**Problem statement:**
Transcribe the entries below word for word, beginning at the line with "Воздушный букет с" and stopping after the line with "萍鄉(xiāng)市松潤化工"; drop all pictures.

**Dataset excerpts:**
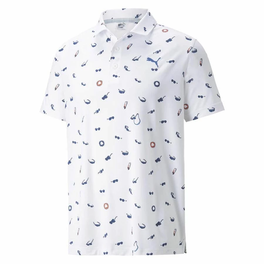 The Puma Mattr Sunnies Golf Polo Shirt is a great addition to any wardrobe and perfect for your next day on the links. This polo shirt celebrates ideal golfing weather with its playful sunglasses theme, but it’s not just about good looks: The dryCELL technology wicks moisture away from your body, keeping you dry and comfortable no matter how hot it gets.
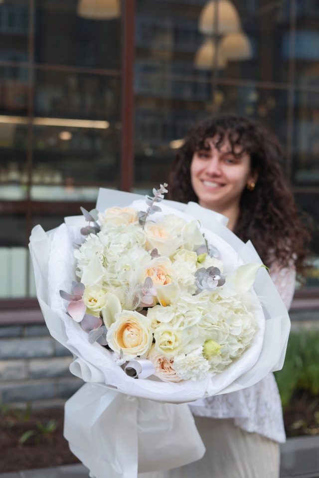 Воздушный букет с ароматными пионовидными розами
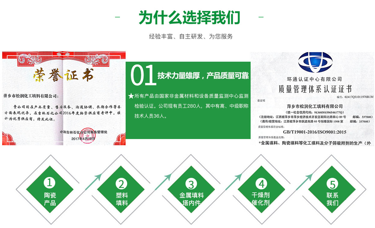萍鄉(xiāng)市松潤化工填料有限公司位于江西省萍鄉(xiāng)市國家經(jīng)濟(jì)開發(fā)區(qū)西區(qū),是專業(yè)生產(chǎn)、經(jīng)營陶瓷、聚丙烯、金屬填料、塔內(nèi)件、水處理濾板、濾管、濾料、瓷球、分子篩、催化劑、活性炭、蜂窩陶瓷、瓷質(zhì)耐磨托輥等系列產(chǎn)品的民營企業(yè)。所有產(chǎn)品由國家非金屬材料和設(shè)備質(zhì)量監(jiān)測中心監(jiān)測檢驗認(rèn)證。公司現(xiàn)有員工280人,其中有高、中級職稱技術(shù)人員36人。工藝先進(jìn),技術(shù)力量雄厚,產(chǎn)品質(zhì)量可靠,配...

* * *

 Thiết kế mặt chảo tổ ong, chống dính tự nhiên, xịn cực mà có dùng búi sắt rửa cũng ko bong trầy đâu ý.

**Output for this task:**
 Воздушный букет с ароматными пионовидными розами
萍鄉(xiāng)市松潤化工填料有限公司位于江西省萍鄉(xiāng)市國家經(jīng)濟(jì)開發(fā)區(qū)西區(qū),是專業(yè)生產(chǎn)、經(jīng)營陶瓷、聚丙烯、金屬填料、塔內(nèi)件、水處理濾板、濾管、濾料、瓷球、分子篩、催化劑、活性炭、蜂窩陶瓷、瓷質(zhì)耐磨托輥等系列產(chǎn)品的民營企業(yè)。所有產(chǎn)品由國家非金屬材料和設(shè)備質(zhì)量監(jiān)測中心監(jiān)測檢驗認(rèn)證。公司現(xiàn)有員工280人,其中有高、中級職稱技術(shù)人員36人。工藝先進(jìn),技術(shù)力量雄厚,產(chǎn)品質(zhì)量可靠,配...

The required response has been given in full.